■ **Exercise description**:
Working from the start of the listing, please write out exactly the lines through the one that holds "hlások D, T, N, L, Ď, Ť, Ň, Ľ", both included, and omit all pictures.

Content starts

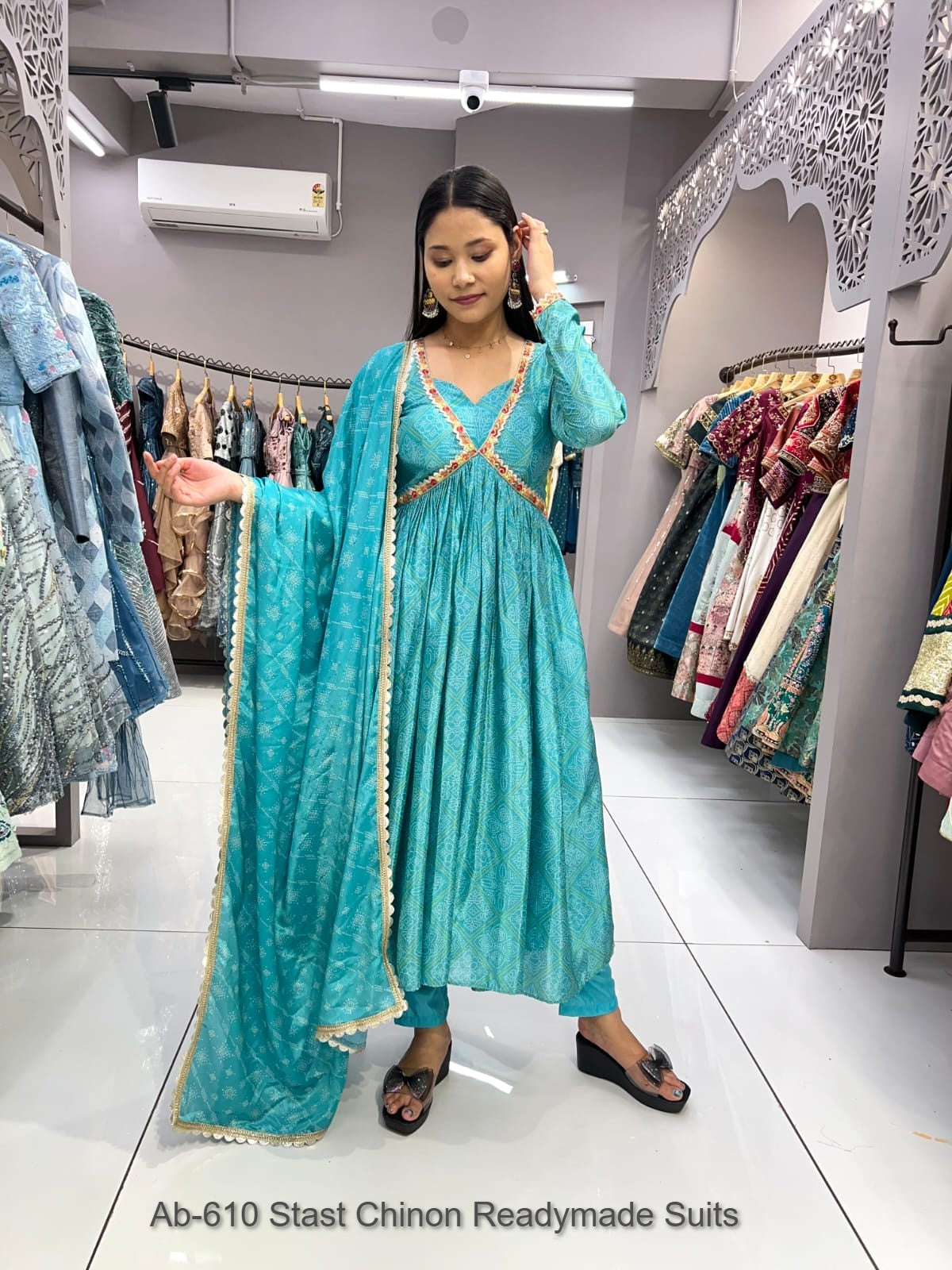 - Ab-610 Stast Chinon Readymade Suits Dealer Ahmedabad Surat Wholesale Gujarat India Lowest Price Best Quality Buy Purchase Shipping Kurta Salwaar Kameez Also free Cash on delivery
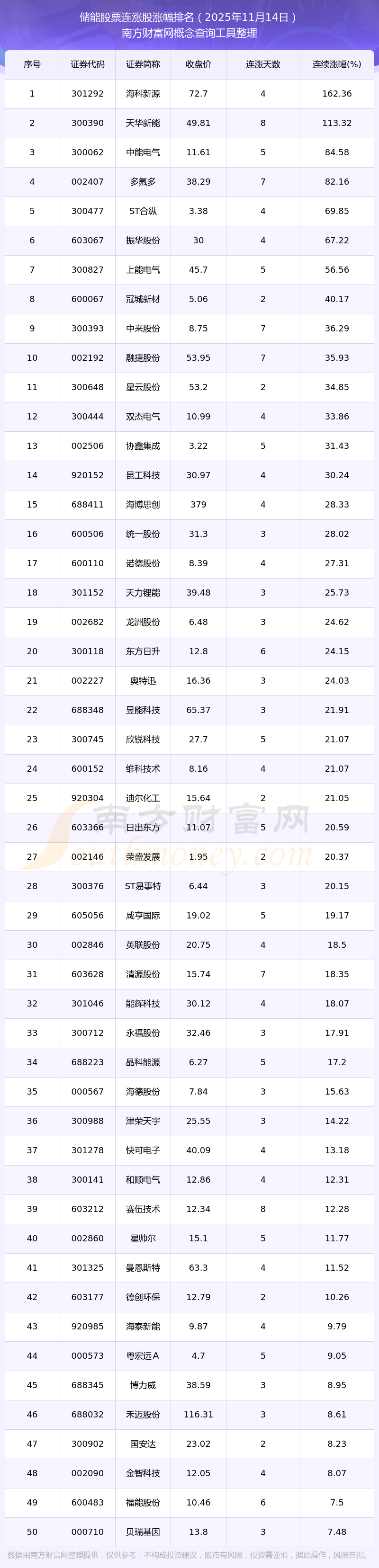 2025年11月14日儲能股票連漲股漲幅排名
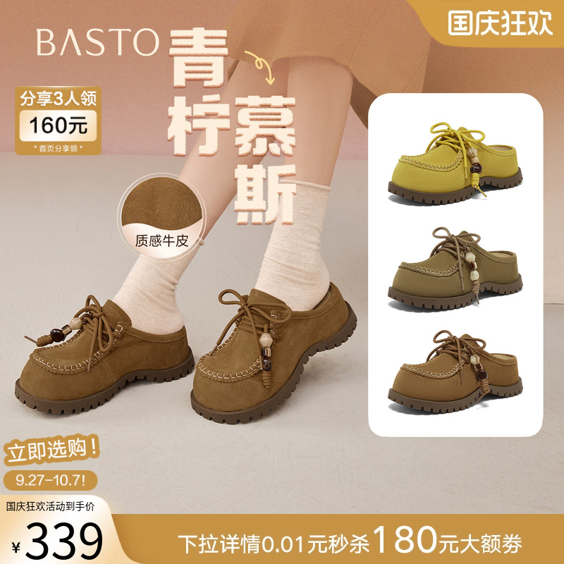 【青柠慕斯】百思图25秋新款懒人勃肯鞋一脚蹬厚底户外休闲女拖鞋
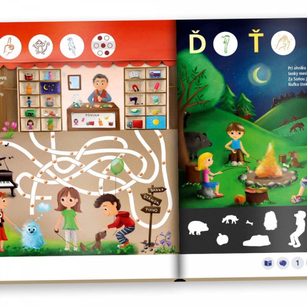 hlások D, T, N, L, Ď, Ť, Ň, Ľ a R. V knižke nájdete krásne ilustrácie, ktoré
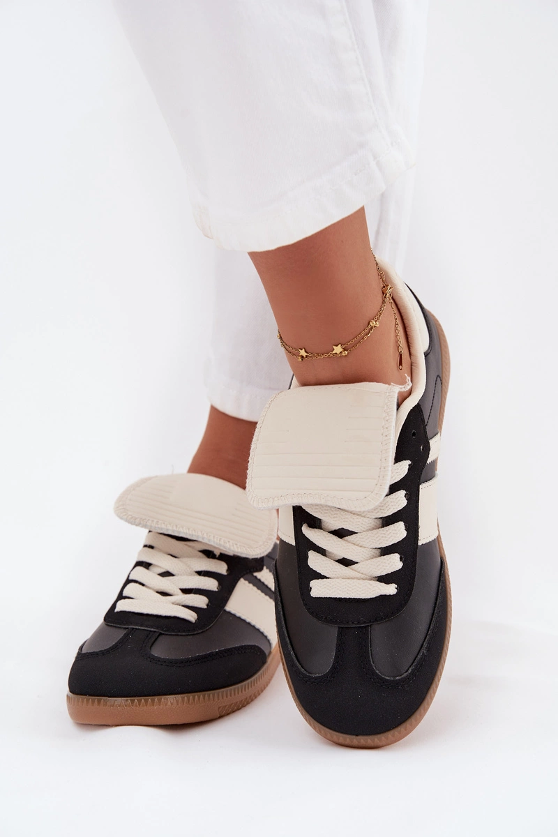 Damskie sneakersy wykonane z eko skóry. Charakteryzują się unikalnym, wywiniętym językiem, który nadaje im nowoczesny wygląd. Oferują komfort dzięki miękkiej wkładce z piankowego tworzywa, która zapewnia doskonałą amortyzację i wygodę przez cały dzień. Sznurowane, co pozwala na idealne dopasowanie do stopy. Te sneakersy to świetny wybór na co dzień. Przy wyborze rozmiaru prosimy kierować tabelą rozmiarów.
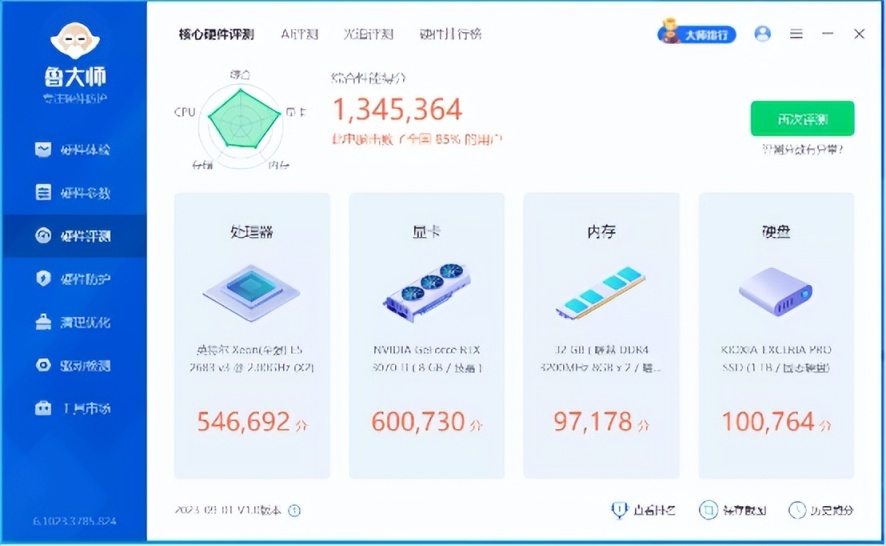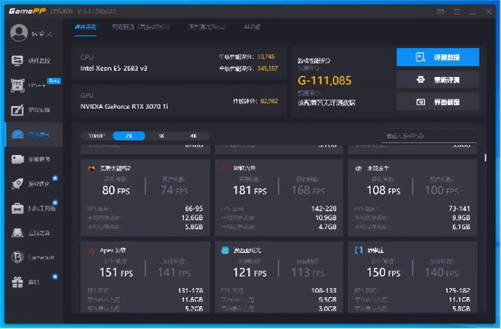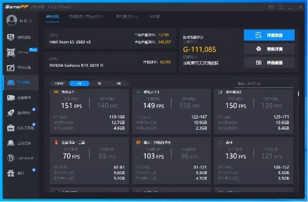 在这次装机中因为没有入门级的显卡,所以暂时用一张RTX 3070 Ti代替,属于不太合理的搭配。不过正是因为显卡性能的强大,使得这台主机几乎可以胜任绝大部分游戏。在鲁大师的综合性能得分约为134万分。
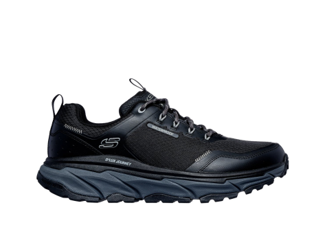 Der Skechers DLux Journey - Slate Peak ist ein robuster, veganer Outdoorschnürschuh, der Komfort und Stil vereint. Das Obermaterial besteht aus einem geräumigen Ripstop-Stoff mit Hotmelt-Überzügen und bietet dank der wasserdichten Eigenschaften zuverlässigen Schutz bei Outdoor-Abenteuern. Mit der Skechers Waterproof Relaxed Fit® Passform sorgt der Schuh für eine bequeme, lockere Passform. Die Innensohle aus Air-Cooled Memory Foam® garantiert angenehmen Komfort und unterstützt die Dämpfung bei längeren Tragezeiten. Die Skechers Breathe Easy Technology™ sorgt zudem für trockene Füße, indem sie die Atmungsaktivität fördert. Die Sohle des Schuhs ist robust und verfügt über ein griffiges Profil, das sicheren Halt auf verschiedenen Untergründen bietet. Insgesamt eignet sich der DLux Journey ideal für Outdoor-Aktivitäten und lange Tage in der Natur, wobei er durch seine wasserabweisenden und atmungsaktiven Eigenschaften überzeugt. Die Farbgebung in Schwarz/Grau unterstreicht den funktionalen und dennoch modischen Auftritt des Schuhs.
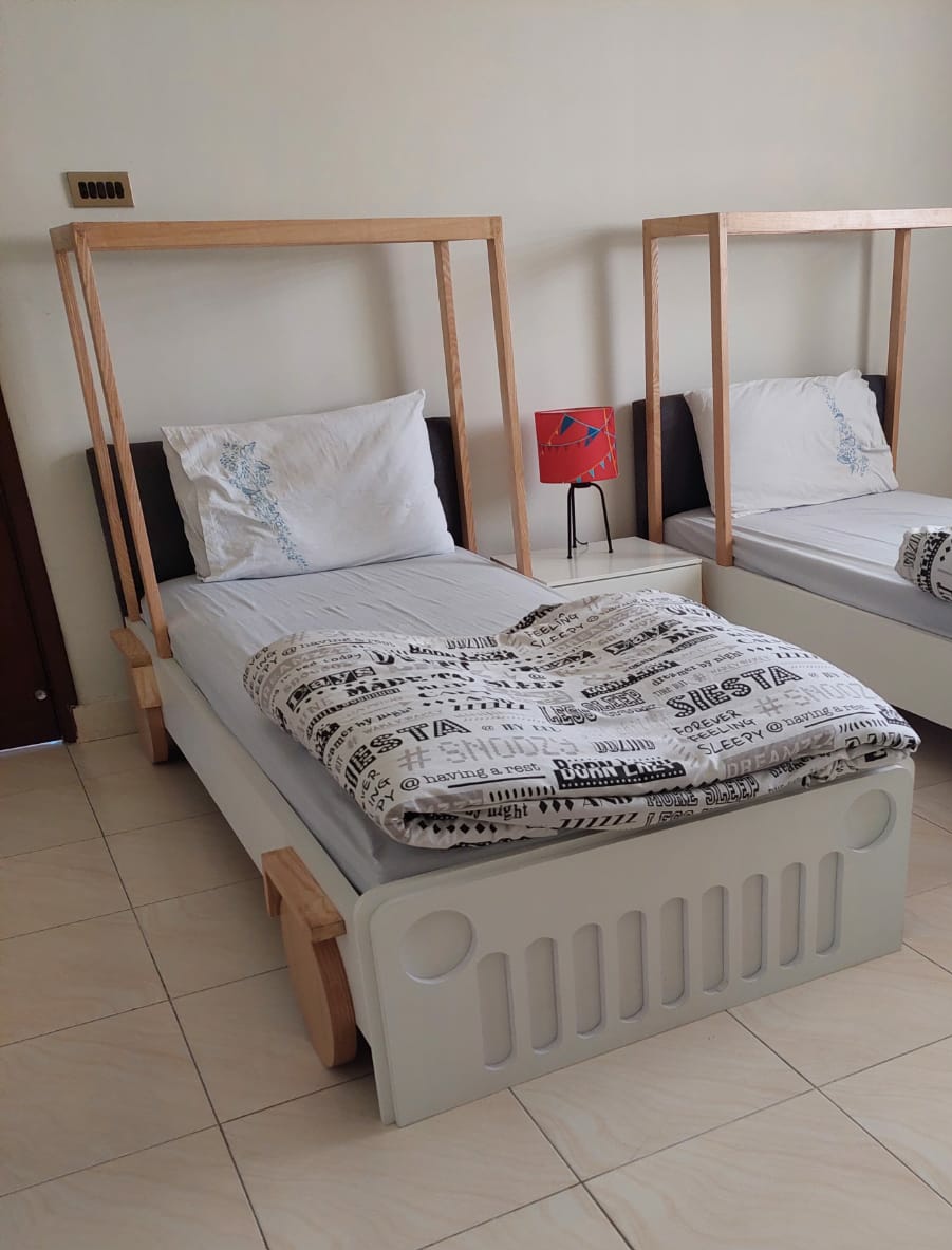 Material: Oak Wood frame with Melamine and tufted cushioned back in Jute Fabric
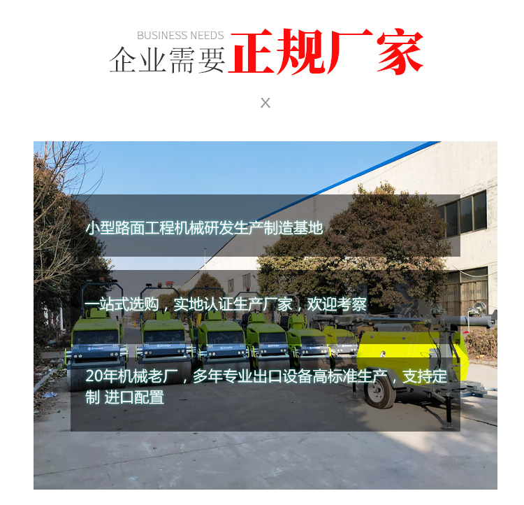 山东奔马工程机械有限公司位于山东省济宁市高新技术产业开发区,自八十年代以来有二十多年从事中小型压路机制造的生产历史,20年机械老厂,多年出口设备高标准生产,支持定制 ,小型路面工程机械研发生产制造基地,一站式选购,实地认证生产厂家,欢迎考察,2002年通过ISO9001质量体系认证。我公司生产销售小型压路机全系列,照明车塔灯 液压动力站设备压实机械设备、路面机械、建筑工程机械。本厂拥有先进的生产设备,经验丰富的技术人员,产品设计新颖、制造精良、坚固耐用,深受广大用户的欢迎。出口65个国家和地区,过硬的产品质量、良好的服务使我们与客户建立了长期稳定的合作关系。
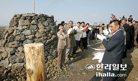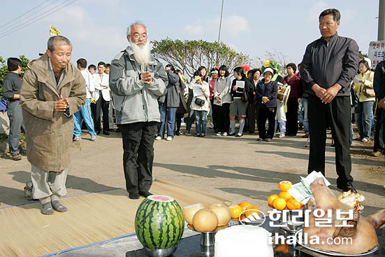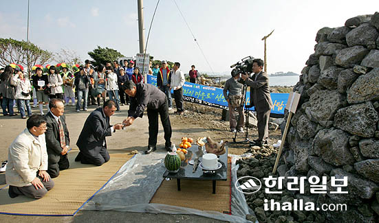 해군기지 반대 강정동 주민들과 시민단체대표들이'생명평화마을'을 선언한 가운데 10일 강정동 해안 평화염원 방사탑 앞에서 고사를 지내고 방사탑 제막식을 가졌다/사진= 강경민기자 gmkang@hallailbo.co.kr
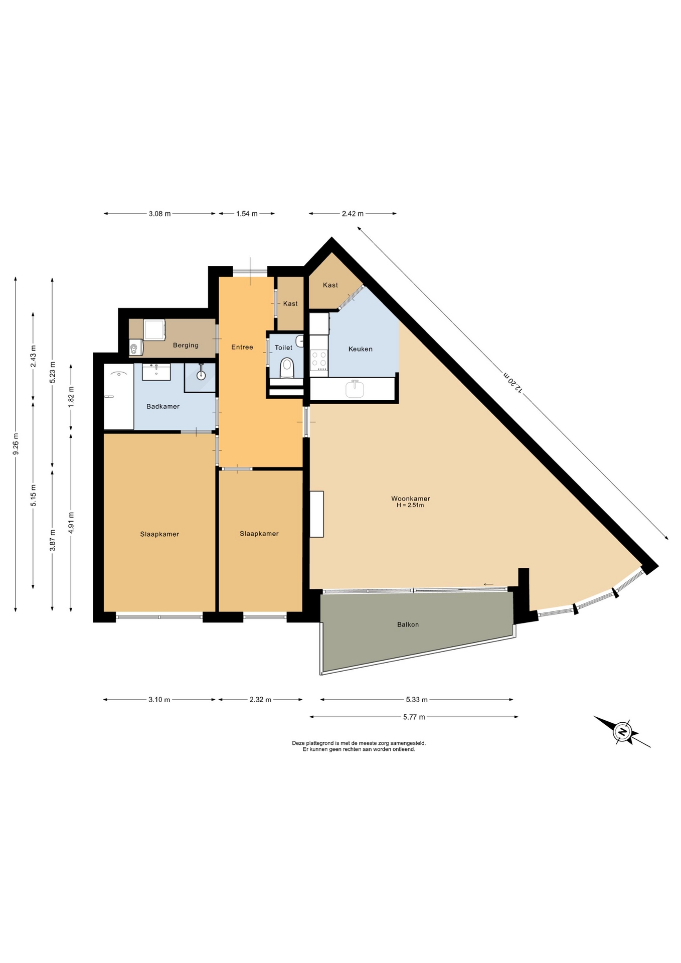 “Deze informatie is door ons met de nodige zorgvuldigheid samengesteld. Onzerzijds wordt echter geen enkele aansprakelijkheid aanvaard voor enige onvolledigheid, onjuistheid of anderszins, dan wel de gevolgen daarvan. Alle opgegeven maten en oppervlakten zijn indicatief.”
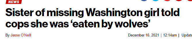 “妹妹被狼吃了”:父母隐瞒5岁幼女失踪1年 还编故事欺骗长子和次女
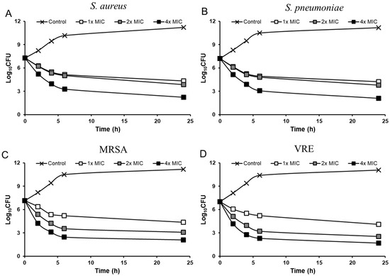 Time-kill analysis was performed by the NCCLS M26-A method [37]. The test organisms (S. aureus Giorgio, S. pneumoniae ATCC49619, MRSA CCARM 3167, and VRE 3) incubated in CAMHB for 18 h at 35 °C were diluted to 105 CFU/mL with fresh CAMHB, and the diluted cultures were preincubated for 2 h. For S. pneumoniae culture, 5% sheep blood (Hanil Comed, Seongnam, Korea) was added. Test compounds were added to the cultures at concentrations of 1×, 2×, and 4× MIC. Culture aliquots (0.1 mL) were removed after 0, 2, 4, 6 and 24 h of incubation, and serial 10-fold dilutions were prepared in saline as needed. The numbers of viable cells were determined on drug-free MHA plates after 20 h of incubation. A compound was considered bactericidal if the original inoculum was reduced by 3 log CFU/mL (99.9%) at each concentration or was considered bacteriostatic if the inoculum was reduced by 0–3 log CFU/mL.
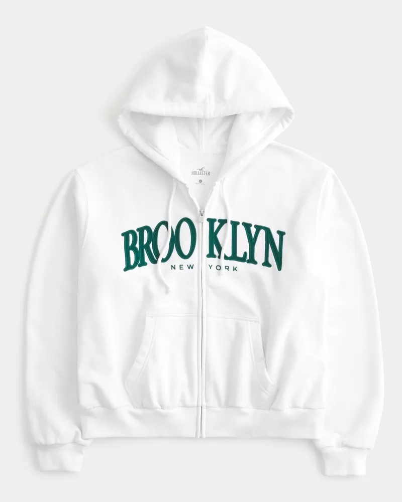 Comfy and super soft, this fleece hoodie features Brooklyn New York graphic applique and embroidery. Full zip-up closure, drawstring hood, front pockets, long sleeves. Easy Fit. Imported.

Content ends

■ **Result of the task**:
 - Ab-610 Stast Chinon Readymade Suits Dealer Ahmedabad Surat Wholesale Gujarat India Lowest Price Best Quality Buy Purchase Shipping Kurta Salwaar Kameez Also free Cash on delivery
 2025年11月14日儲能股票連漲股漲幅排名
 【青柠慕斯】百思图25秋新款懒人勃肯鞋一脚蹬厚底户外休闲女拖鞋
 hlások D, T, N, L, Ď, Ť, Ň, Ľ a R. V knižke nájdete krásne ilustrácie, ktoré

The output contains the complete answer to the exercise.